JP4662705B2 - Waist yaw axis drive device for humanoid robot - Google Patents

Description

  The present invention relates to a lumbar yaw axis drive device for rotating the upper half of a torso to the left and right relative to the lower half of the torso of a humanoid robot.

  The above-mentioned hip-yaw axis drive device for humanoid robots has a space for optimally guiding a large amount of wiring from the lower body to the upper body, and has high rigidity and no backlash for stable robot operation. Is required. In addition, considering the ratio of the body to the overall dimensions of the humanoid bot and the amount of equipment mounted, the waist yaw axis driving device needs to be more compactly packed.

By the way, the movable axis drive device of the conventional robot usually passes the wiring outside the support shaft member that constitutes the movable shaft of the drive device (for example, Patent Document 1), or the support shaft member that constitutes the movable shaft. An axial groove is provided, and wiring is passed through the axial groove (for example, Patent Document 2).
Japanese Patent Laid-Open No. 10-166286 JP 2000-210888 A

  However, when the wiring is externally connected, there are cases where the robot operation cannot be stably performed due to unstable wiring outside, and there is a possibility that the operation is limited.
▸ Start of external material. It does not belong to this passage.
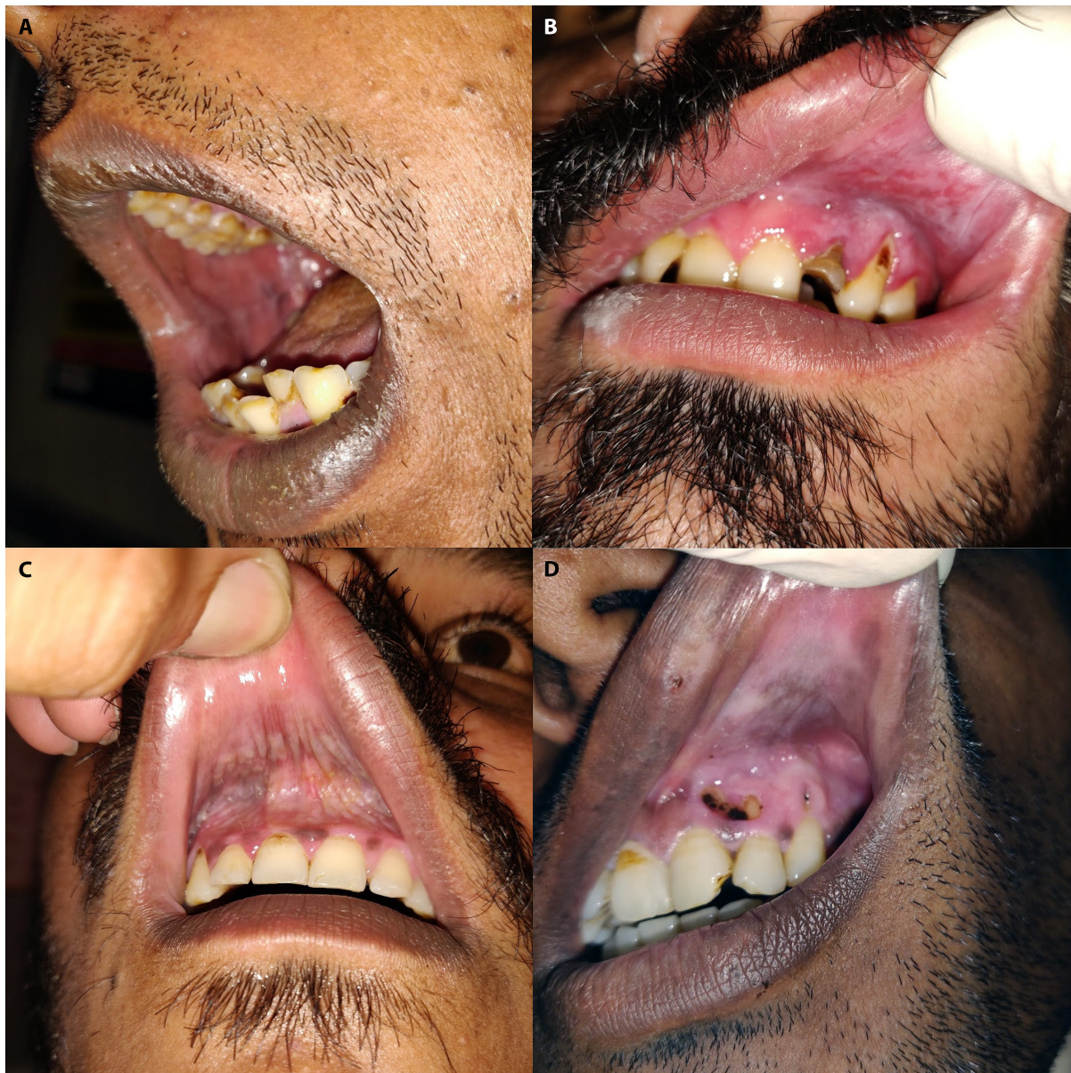
Figure 4. (A) Oral cavity pigmentation with caries teeth. (B) Cobble-stoning of gingivolabial sulcus with erosions. (C) Submucosal fibrosis with leukoplakia. (D) Gingivolabial mucosal fibrosis with ulceration.

cobble-stoning which tend to be premalignant conditions and may lead to drastic situations if not addressed accordingly (Figure 4).

Furthermore, the wiring itself has a risk of disconnection due to excessive external force.

  On the other hand, when the wiring is inserted, there are cases where the reduction gear is arranged in series with the support shaft member and cases where the reduction gear is arranged in parallel and the power is transmitted between them with a gear or a timing belt. When the reduction gears are arranged in series and the wiring is passed through the support shaft member, if the amount of wiring increases or the operating angle increases, the groove becomes large and the rigidity of the support shaft member may be reduced. Further, particularly with respect to the waist yaw axis, there has been a problem that the longitudinal dimension of the fuselage is increased by the speed reducer arranged in series with the support shaft member (yaw shaft member).

  When a speed reducer is arranged in parallel on the support shaft member and power is transmitted between them with a gear or a timing belt, and wiring is passed through the support shaft member, a large force is applied on the output side of the speed reducer. There was a problem that the backlash of the power transmission unit using the gears and the timing belt was too large.

SUMMARY OF THE INVENTION An object of the present invention is to advantageously solve the above-described problems, and a hip-yaw axis drive device for a humanoid robot according to the present invention is configured so that the upper half of the body of the humanoid robot is lower than the lower half of the body. the in waist yaw axis drive device for relative to pivot, to one of said upper half and said lower half, in the lateral direction of the body and the lower extending into the body in the vertical direction A hollow support shaft member integrally formed with an extending upper portion is coupled, and a bearing that rotatably supports the support shaft member is provided on the other of the lower half portion and the upper half portion, While mounting the reduction gear disposed in parallel to the support shaft member and a motor for driving the reduction gear on the side where the support shaft member is not coupled between the lower half and the upper half, The output of the motor is connected to the input shaft of the reducer via a pulley and a belt. A shaft drivingly connected, to the output member of the reduction gear, and ligated prior SL via a parallel link mechanism in the direction which reducer and the motor is not mounted within the said upper half and lower half It is characterized by.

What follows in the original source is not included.